These few fragments are all that remain of a Hampden bomber which crashed here in bad weather on the night of January 21st 1942. All crew members were killed instantly.

This crash site is in a lovely spot, very close to a popular footpath overlooking the Kinder Reservoir, and I spent a while here waiting for the clouds to shift a bit and watching airliners climbing away from Manchester Airport. Poignant really, as controllers at Manchester Airport (or Ringway as it was then) were the last people to have any contact with the crew of this aircraft.

AE381 was on a cross country training flight preparatory to beginnning operations. Two of the crew were Australian, the other two were British. Some books refer to the bomber as having been on a propaganda leaflet dropping run, called off because of the bad weather. But it seems accepted now that this was not the case, and any leaflets found at the scene were likely to have been from a previous operation.

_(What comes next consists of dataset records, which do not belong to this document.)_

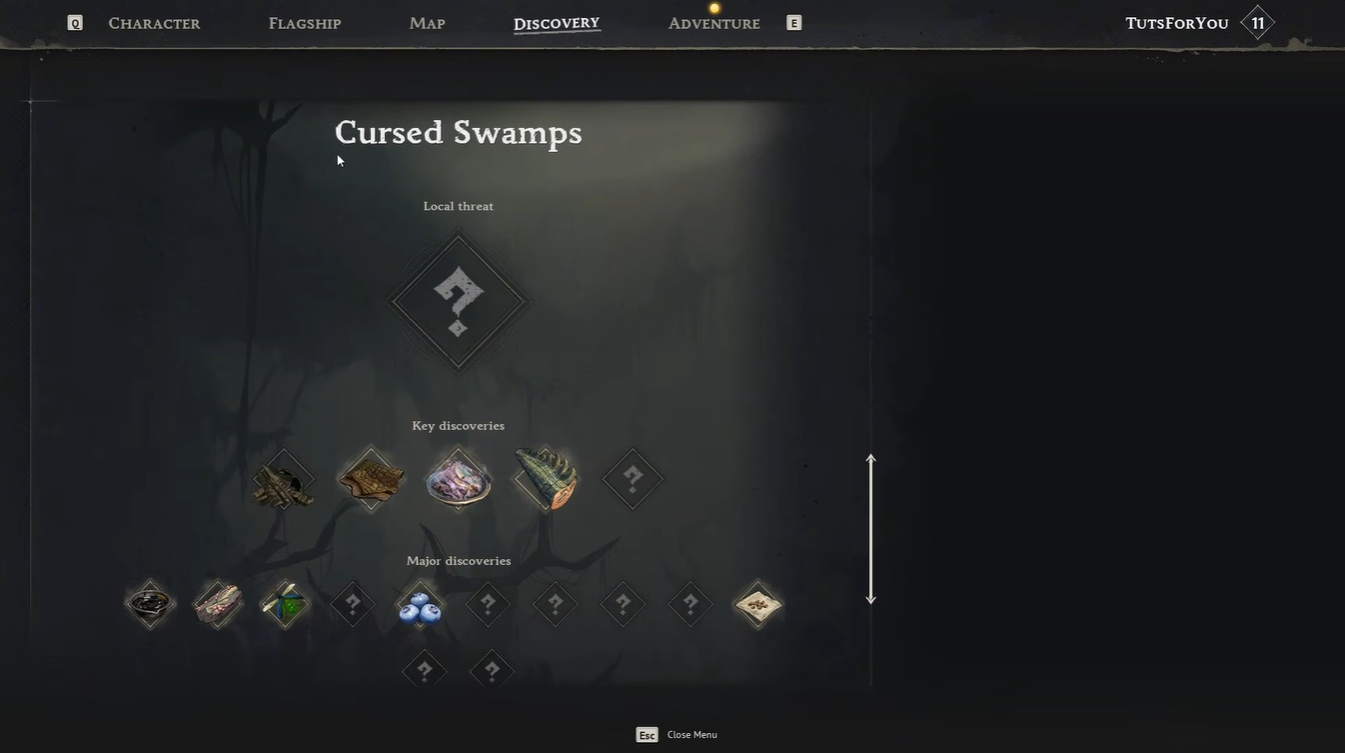 Enter the Cursed Swamp and begin exploring major discoveries. Focus on uncovering points of interest, as these are where tar is typically found.
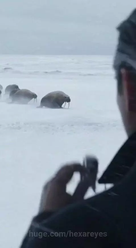 Laza Panther strikes a group of giant walruses
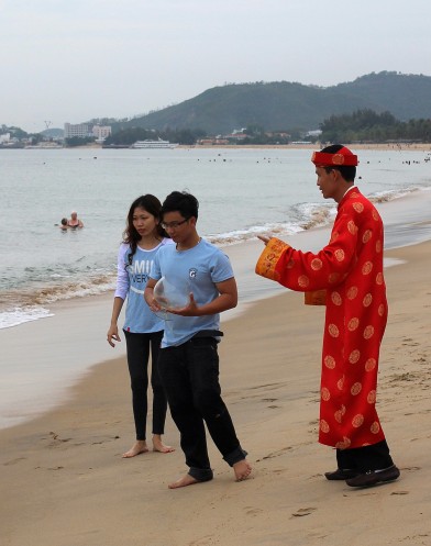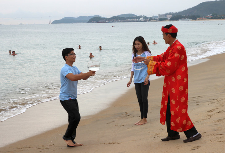 На берегу океана процессия останавливается и вперед выходит юноша, который принимает чашу у девушки,
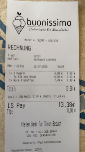 Read moreWar heute mit meiner Familie (zwei Kleinkinder ) das dritte mal bei denen Eis essen . Beim ersten Besuch musste ich halbe Stunde warten bis die Dame zu uns kommt und abkassiert (nur eine Person darf anscheinend abkassieren ) beim zweiten Mal wurde eine Kugel vergessen ( die nächste ging dann aufs Haus ) bei beiden Besuchen gabs trotz allem Trinkgeld . Heute war die Krönung meine kleine Tochter 2 j. Hat ausversehen mein Erdbeer Becher umgekippt wegen einer Wespe. Die Kellnerin war direkt nebendran hat es gesehen und garnicht reagiert weder weggeräumt noch nachgefragt etc . Mein Mann hat alles sauber gemacht und rein gebracht . Drin wurde er skeptisch angeschaut nach dem motto interessiert uns nicht . Er hat erneut einen bestellt . Mussten dann auch den den wir nicht mal gegessen hatten bezahlen ( also wirklich nicht mal einen Löffel probiert ,da es direkt nach dem Servieren umgekippt ist , die Dame hat es wie gesagt gesehen . Werden nie wieder dahin gehen unsere Verwandtschaft...
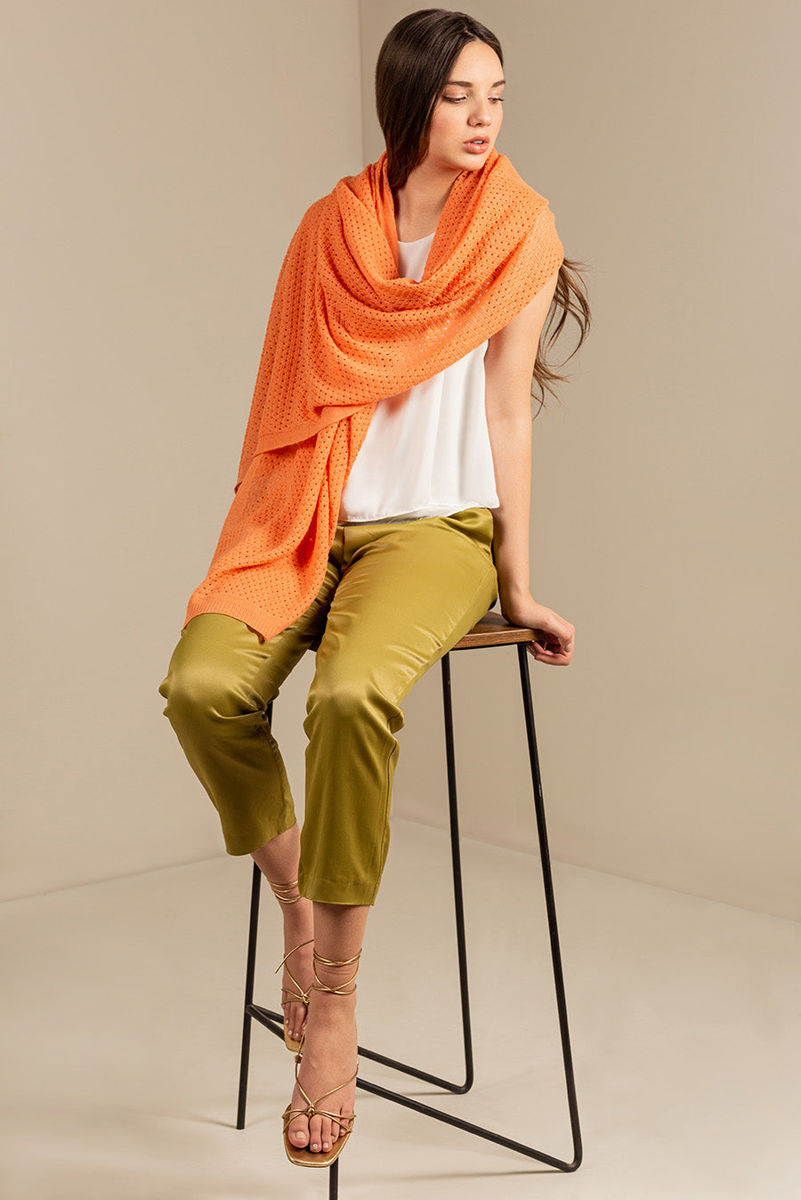 Great for breezy summer days, our Ueco shawl is made of an exclusive translucent fabric, characterised by the quality of the natural fibres used in all of our KUNA products.
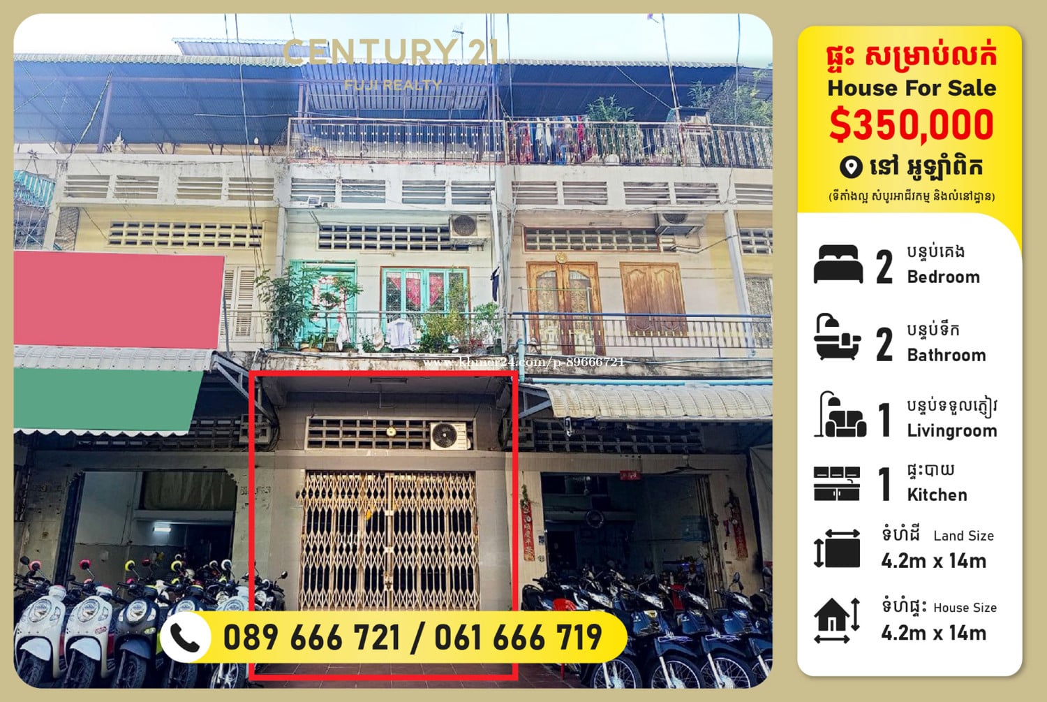 ផ្ទះសម្រាប់លក់ អូឡាំពិច - តម្លៃ 350,000$ - ទំហំផ្ទះ 4.2x14 - បន្ទប់គេង: 2 / បន្ទប់ទឹ: 2 - ប្លង់រឹង សម្រាប់ព័ត៌មានបន្ថែមទំនាក់ទំនង : - Telegram : https://t.me/epheakdey_fujirealty - Hotline: 098675xxxClick To Call / 017946xxxClick To Call / 061666xxxClick To Call License No.: E-14-160 #Sale #Shophouse #Olympic #urgent
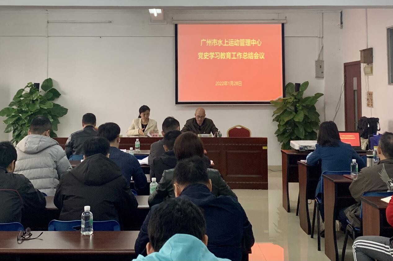 为不断巩固拓展党史学习教育成果,2022年1月28日下午,广州市水上运动管理中心临时党委组织中层副职以上干部、本部全体党员干部共计40余人,在中心二楼会议室召开党史学习教育工作总结会。
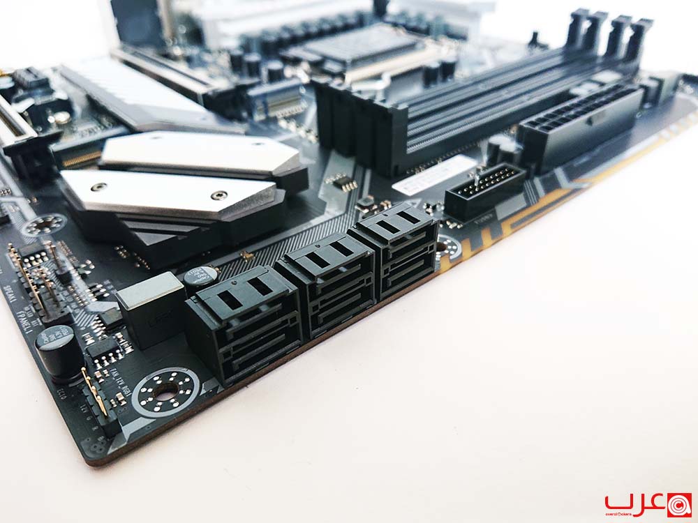 يتوفر أيضًا منفذ توصيل USB 3.2 Gen1 خارجي على اللوحة. كما تحتوي اللوحة على ستة منافذ SATA 6.
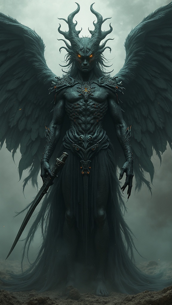 View this AI-generated image featuring a masterfully illustrated composition capturing the essence of a fallen angel imbued with the formidable characteristics of a dark spirit seamlessly integrating human and hybrid creature elements invoking a profound sense of mystery the depiction showcases intr
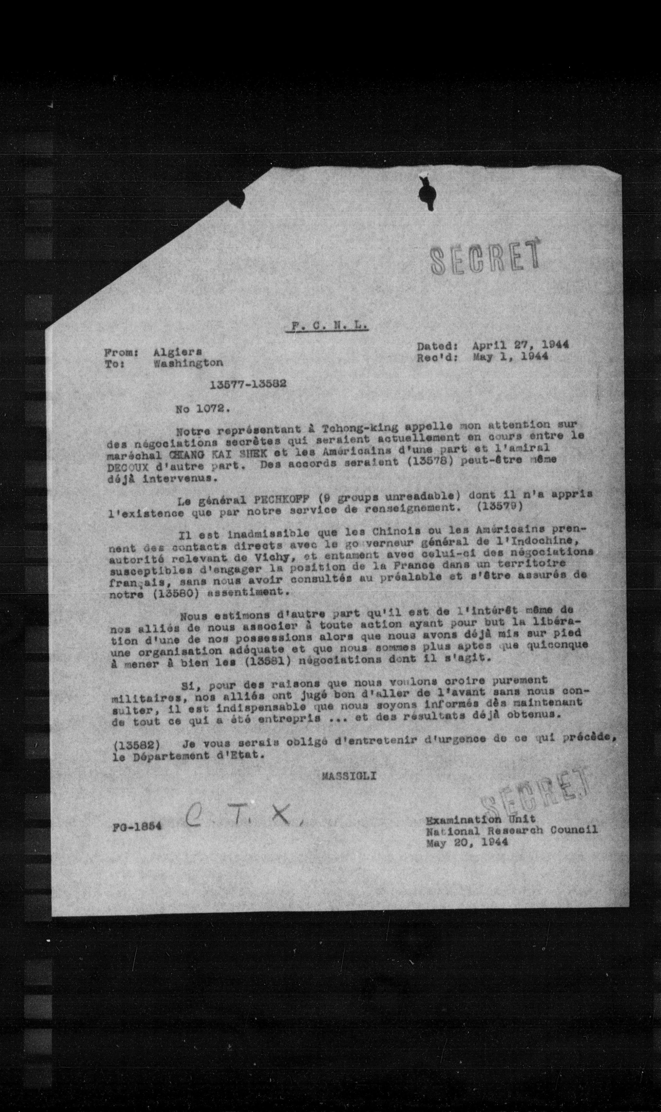 Le général PECKKOFF (9 groupes unreadables) dont il n'a appris l'existence que par notre service de renseignement. (13579)

Having taken off from their base at Skellingthorpe, near Lincoln, the crew became lost in a foul blizzard somewhere over Northern England. Wireless Operator Sgt Tromains had contacted Ringway using Morse and received a bearing in order to land there. Sgt Heron brought the Hampden in over Knutsford, about 7km South West of Ringway. Their engines were heard in the cloud overhead and a signal was sent to AE381 advising of their position.

As well as alerting the pilot to the fact they they had overshot the runway, this confirmation would also have given navigator Sgt Williams a precise location from which he could start over and plot a route back to Skellingthorpe, which was just 20 minutes away. Cunningham comments that they could have done this and no-one would be any the wiser. Better to arrive back a bit late than suffer the embarrassment of having had to land at Ringway.

For whatever reason, AE381 did not attempt to land but flew on. No more was heard from Sgt Tromains and another signal was sent, this time advising the aircraft turn around to come back to land, but there was no reply; AE381 had crashed on Kinder Scout some 25 km ENE of Ringway.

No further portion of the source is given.